Re: [PATCH v2 01/10] PCI/P2PDMA: Support peer to peer memory
From: Bjorn Helgaas
Date: Thu Mar 01 2018 - 18:00:44 EST
On Thu, Mar 01, 2018 at 11:55:51AM -0700, Logan Gunthorpe wrote:
> Hi Bjorn,
>
> Thanks for the review. I'll correct all the nits for the next version.
>
> On 01/03/18 10:37 AM, Bjorn Helgaas wrote:
> > On Wed, Feb 28, 2018 at 04:39:57PM -0700, Logan Gunthorpe wrote:
> > > Some PCI devices may have memory mapped in a BAR space that's
> > > intended for use in Peer-to-Peer transactions. In order to enable
> > > such transactions the memory must be registered with ZONE_DEVICE pages
> > > so it can be used by DMA interfaces in existing drivers.
>
> > Is there anything about this memory that makes it specifically
> > intended for peer-to-peer transactions? I assume the device can't
> > really tell whether a transaction is from a CPU or a peer.
>
> No there's nothing special about the memory and it can still be accessed by
> the CPU. This is just the intended purpose. You could use this PCI memory as
> regular DMA buffers or regular memory but I'm not sure why you would. It
> would probably be pretty bad performance-wise.
>
>
> > BTW, maybe there could be some kind of guide for device driver writers
> > in Documentation/PCI/?
> Makes sense we can look at writing something for the next iteration.
>
> > I think it would be clearer and sufficient to simply say that we have
> > no way to know whether peer-to-peer routing between PCIe Root Ports is
> > supported (PCIe r4.0, sec 1.3.1).
>
> Fair enough.
>
> > The fact that you use the PCIe term "switch" suggests that a PCIe
> > Switch is required, but isn't it sufficient for the peers to be below
> > the same "PCI bridge", which would include PCIe Root Ports, PCIe
> > Switch Downstream Ports, and conventional PCI bridges?
> > The comments at get_upstream_bridge_port() suggest that this isn't
> > enough, and the peers actually do have to be below the same PCIe
> > Switch, but I don't know why.
>
> I do mean Switch as we do need to keep the traffic off the root complex.

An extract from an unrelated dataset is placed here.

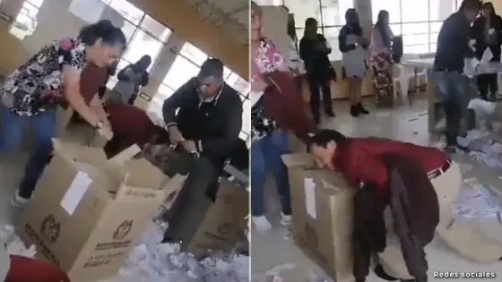En la denuncia hecha por redes sociales, se puede ver como varias personas destapan los buzones y comenzaron a sacar los votos ya marcados. Una vez afuera, los comenzaron a romper y tirar al aire.

> Seeing, as stated above, we don't know if it actually support it. (While we
> can be certain any PCI switch does). So we specifically want to exclude PCIe
> Root ports and I'm not sure about the support of PCI bridges but I can't
> imagine anyone wanting to do P2P around them so I'd rather be safe than
> sorry and exclude them.
I don't think this is correct. A Root Port defines a hierarchy domain
(I'm looking at PCIe r4.0, sec 1.3.1). The capability to route
peer-to-peer transactions *between* hierarchy domains is optional. I
think this means a Root Complex is not required to route transactions
from one Root Port to another Root Port.
This doesn't say anything about routing between two different devices
below a Root Port. Those would be in the same hierarchy domain and
should follow the conventional PCI routing rules. Of course, since a
Root Port has one link that leads to one device, they would probably
be different functions of a single multi-function device, so I don't
know how practical it would be to test this.
> > This whole thing is confusing to me. Why do you want to reject peers
> > directly connected to the same root port? Why do you require the same
> > Switch Upstream Port? You don't exclude conventional PCI, but it
> > looks like you would require peers to share *two* upstream PCI-to-PCI
> > bridges? I would think a single shared upstream bridge (conventional,
> > PCIe Switch Downstream Port, or PCIe Root Port) would be sufficient?
>
> Hmm, yes, this may just be laziness on my part. Finding the shared upstream
> bridge is a bit more tricky than just showing that they are on the same
> switch. So as coded, a fabric of switches with peers on different legs of
> the fabric are not supported. But yes, maybe they just need to be two
> devices with a single shared upstream bridge that is not the root port.
> Again, we need to reject the root port because we can't know if the root
> complex can support P2P traffic.
This sounds like the same issue as above, so we just need to resolve
that.
> > Since "pci_p2pdma_add_client()" includes "pci_" in its name, it seems
> > sort of weird that callers supply a non-PCI device and then we look up
> > a PCI device here. I assume you have some reason for this; if you
> > added a writeup in Documentation/PCI, that would be a good place to
> > elaborate on that, maybe with a one-line clue here.
>
> Well yes, but this is much more convenient for callers which don't need to
> care if the device they are attempting to add (which in the NVMe target
> case, could be a random block device) is a pci device or not. Especially
> seeing find_parent_pci_dev() is non-trivial.
OK. I accept that it might be convenient, but I still think it leads
to a weird API. Maybe that's OK; I don't know enough about the
scenario in the caller to do anything more than say "hmm, strange".
> > > +void *pci_alloc_p2pmem(struct pci_dev *pdev, size_t size)
> > > +{
> > > + void *ret;
> > > +
> > > + if (unlikely(!pdev->p2pdma))
> >
> > Is this a hot path? I'm not sure it's worth cluttering
> > non-performance paths with likely/unlikely.
>
> I'd say it can be pretty hot given that we need to allocate and free buffers
> at multiple GB/s for the NVMe target case. I don't exactly have benchmarks
> or anything to show this though...
OK, I'll take your word for that. I'm fine with this as long as it is
performance-sensitive.
Bjorn